By Esther Agbo
In a recent Central Bank of Nigeria (CBN) Retail Dutch Auction, subsidiaries of the Dangote Group secured a substantial $105.33 million in foreign exchange (FX) allocations, a move that underscores the conglomerate’s strategic manoeuvring in an increasingly volatile economic landscape.
This acquisition accounts for approximately 13 percent of the total $876.26 million distributed by the CBN across qualified banks, highlighting the significant role Dangote’s businesses continue to play in Nigeria’s industrial sector.
The FX allocations were facilitated primarily through Zenith Bank, Access Bank, Providus Bank, Union Bank, and Sterling Bank, four of which rank among the top 10 banks in securing FX from the CBN.
These banks were instrumental in ensuring that the Dangote Group could maintain its operational efficiency by enabling the importation of essential raw materials, spare parts, and equipment critical to its diverse industrial operations.
Among the Dangote Group’s subsidiaries, Dangote Sugar Refinery emerged as the largest recipient, securing $87.42 million for the importation of Brazilian raw cane sugar, a key input in its production processes. This included a notable transaction for the import of 16,000 metric tons of raw sugar, valued at $10.96 million.
Dangote Cement PLC, another major player in the group, obtained $9.03 million, primarily for the procurement of spare parts for its cement plant machinery.
Dangote Oil & Gas Company Limited received $5.33 million, with significant portions allocated for the purchase of gasoil and low-pour fuel oil, vital for energy production within its industrial framework. Smaller yet crucial allocations were directed towards other subsidiaries, including Dangote Industries Limited was allocated $2.5 million, Dangote Agro Sacks Limited received $941,600.96, Dangote Sinotruk West Africa Limited, $7,161.50, and Dangote Coal Mines Ltd got $104,568.68, with the funds used largely for importing spare parts essential for various manufacturing and industrial processes.
This latest round of FX acquisitions comes at a challenging time for the Dangote Group, which saw a significant decline in market capitalization in July 2024.
The conglomerate’s listed subsidiaries on the Nigerian Exchange (NGX), Dangote Cement, Dangote Sugar Refinery, and NASCON Allied Industries experienced double-digit share price drops, resulting in a combined market cap loss of approximately N1.21 trillion.
The market downturn also had a notable impact on the personal fortune of Aliko Dangote, Africa’s richest man.
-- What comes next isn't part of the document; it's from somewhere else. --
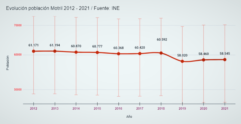 MOTRIL. Los datos publicados por el Instituto Nacional de Estadística (INE) revelan la pérdida de población empadronada, 2.626 habitantes (4,29%), en el municipio en la última década, de 2012 a 2021.
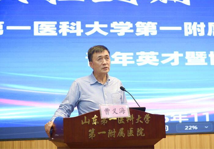 为深入实施人才强院战略,扎实推进医院人才队伍建设,11月14日下午,山东第一医科大学第一附属医院主办的“赋能创新・共话未来”青年英才暨博士后学术论坛如期举行。本次论坛特邀中国工程院外籍院士、瑞典卡罗林斯卡医学院终身教授曹义海院士莅临指导并作专题学术报告。校(院)党委委员、医院党委书记孙志坚,在家院领导班子成员、“青年英才”培育工程入选人员、在站博士后研究人员及科研骨干100余人参加活动。

His net worth dropped from $14.8 billion at the start of July to $13.6 billion by the month’s end, reflecting a $1.02 trillion hit largely due to declines in the share prices of his publicly quoted companies.
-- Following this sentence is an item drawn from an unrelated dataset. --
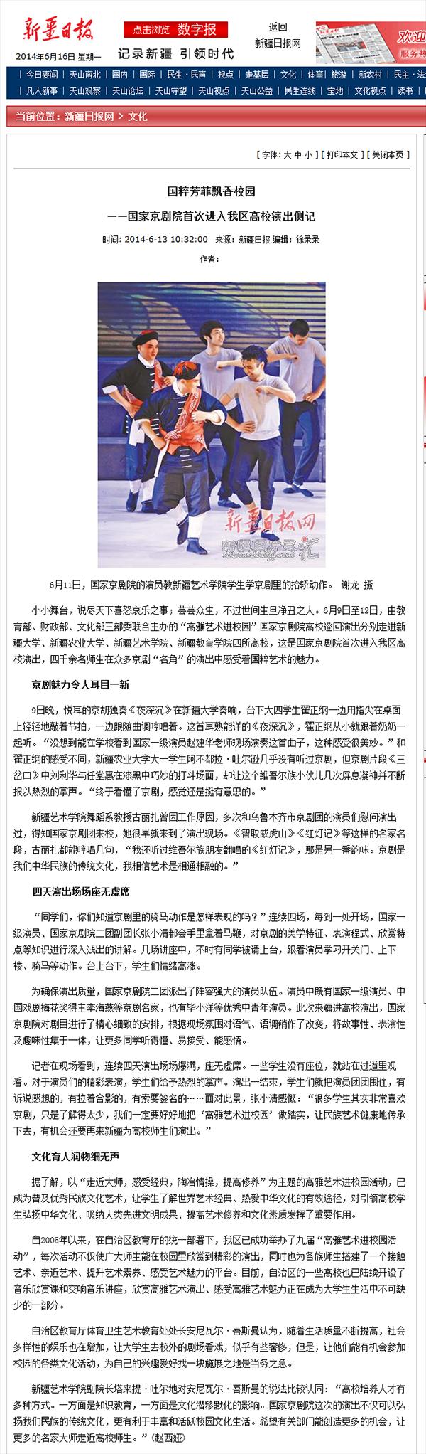 新疆日报网报道国家京剧院进入新疆艺术学院演出

Amid these financial headwinds, the Dangote Group continues to focus on its long-term industrial strategy, leveraging crucial FX allocations to sustain its vast operations.
The Federal Executive Council’s recent approval of a policy to sell crude oil to Dangote Refinery and other upcoming refineries in Naira rather than dollars may further stabilize both fuel prices and the naira-dollar exchange rate, providing some relief and potential upside for the group’s operations in the near future.